No podía hacerse más en una época en la que la Medicina permanecía encerrada en sí misma. En nuestra Universidad de entonces, la Anatomía seguía siendo una asignatura verbal y teórica, y no existía la cátedra de Cirugía, en tanto que en Fisiología, los textos tenían 30 años de atraso.

Se improvisan cementerios

La voracidad de la epidemia llegó a su clímax el 28 de marzo, cuando 435 personas habían fallecido en La Habana víctimas del morbo. Como resultaba imposible inhumar todos los cadáveres en el cementerio de Espada, se improvisó una necrópolis frente a la Quinta de los Molinos.

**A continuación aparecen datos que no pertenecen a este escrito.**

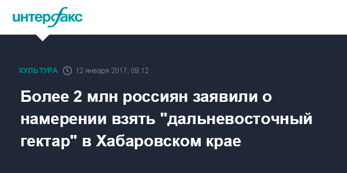 Москва. 12 января. INTERFAX.RU - Граждане России из многих регионов страны заявили о намерении взять "дальневосточный гектар" в Хабаровском крае, сообщила журналистам и.о. зампредседателя правительства края - министра инвестиционной и земельно-имущественной политики Ирина Серова.

Allí, rozando con lo que hoy es la calzada de Ayestarán, en las inmediaciones de lo que era el campamento de Las Ánimas para enfermos infecciosos, en áreas del actual Hospital Pediátrico de Centro Habana, se abrió una tremenda fosa donde fueron a parar unos 1 500 cadáveres. Y también algunos que sin estar muertos fueron enterrados entre paletadas de cal viva…

En sus índices de la epidemia, José Antonio Saco habla de 5 686 enterramientos en el cementerio general de La Habana, y 766 en el Cerro. De más de 1 400 en Los Molinos. En lugares poco poblados entonces como Casablanca y Jesús del Monte consignó 51 y 164 inhumaciones, respectivamente. Las listas de Saco no incluyen los enterrados en Guanabacoa y Regla. En una localidad pequeña como Güines se reportaron 1 213 muertos.

El 20 de abril se cantó un Te Deum en la Catedral de La Habana porque la epidemia se alejaba y se quería agradecer haber salido vivo de tan terrible azote. En verdad, siguió causando estragos durante todo otro mes. En dos, había causado 8 465 muertes. Un mes más y las víctimas llegaron a 12 000.